Ingredients:
- 150g fresh baby spinach
- 75g Greek feta cheese, crumbled
- 50g low-moisture mozzarella cheese, shredded
- 30g red onion, finely diced
- 1 clove garlic, minced
- 0.5 tsp dried oregano
- 0.25 tsp red pepper flakes
- 2 large (10-inch) flour tortillas
- 1 tbsp extra virgin olive oil
Instructions:
- Wilt the spinach. Place 150g baby spinach in a dry pan over medium heat until the leaves collapse and turn dark green.
- Expel the moisture.
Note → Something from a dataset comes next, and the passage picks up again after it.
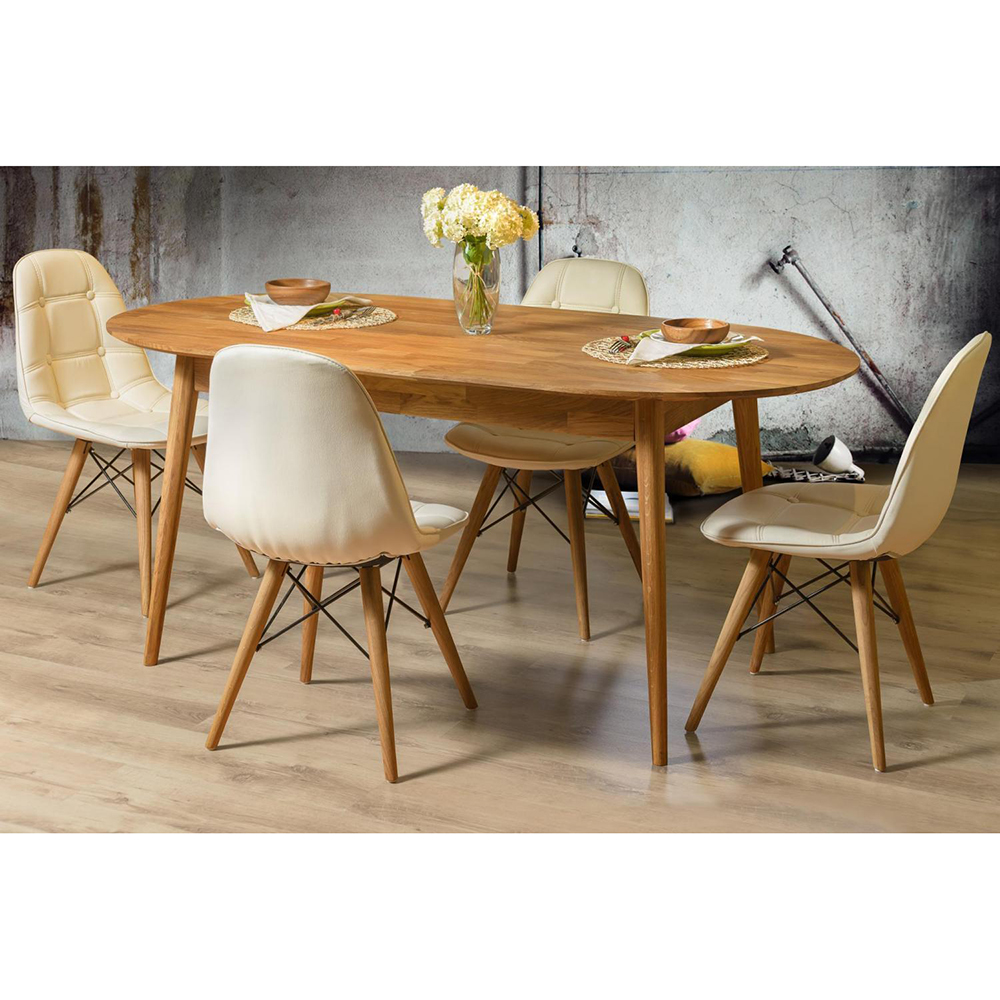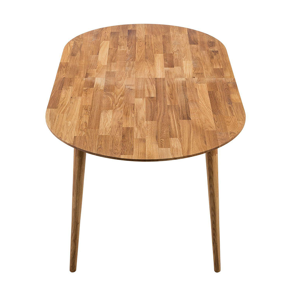 Обеденный стол «Сканди 2» в скандинавском стиле изготавливается из долговечного природного материала – массива дуба. Стол нераздвижной, отличается простым и стильным дизайном с высокими ножками и скругленными углами, а, главное, вместительностью – за ним могут свободно разместиться до 6 человек.
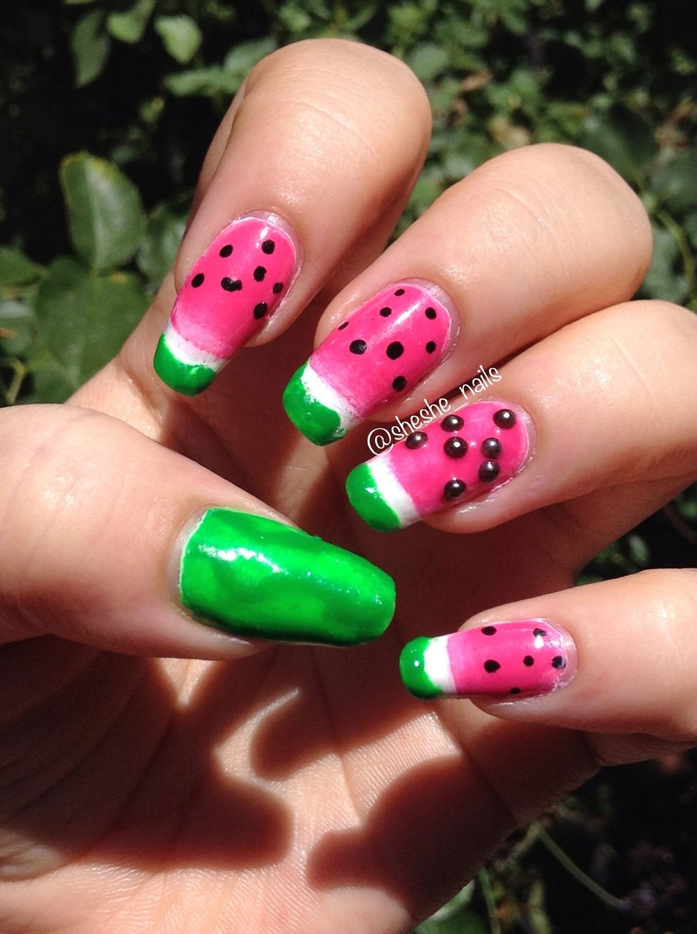 I'm doing the outside of the watermelon on my thumb. So I put a bunch of green polish on the makeup sponge and put it all over my thumb nail.

Transfer the wilted spinach to a colander and press with a spoon Note: This prevents the tortilla from becoming a soggy mess.
- Sauté aromatics. Heat a tiny drop of oil in the pan and cook the 30g red onion and 1 clove minced garlic until translucent and fragrant.
- Create the mixture. In a medium bowl, combine the wilted spinach, onions, garlic, 75g crumbled feta, 0.5 tsp oregano, and 0.25 tsp red pepper flakes.
- Prepare the tortilla. Lay one large tortilla flat and spread 25g of the mozzarella over one half.
- Layer the filling. Spread the spinach feta mixture evenly over the mozzarella, then top with the remaining 25g of mozzarella Note: This cheese sandwich method locks the filling in place.
- Heat the skillet. Add 0.5 tbsp olive oil to the pan over medium high heat until the oil shimmers slightly.
- The first sear. Fold the tortilla over and place it in the pan. Cook for 3 minutes until the bottom is deep golden and rigid.
- The flip. Carefully turn the quesadilla over and add the remaining oil if the pan looks dry.
- Final melt. Cook the second side for 2-3 minutes until the cheese is bubbling at the edges.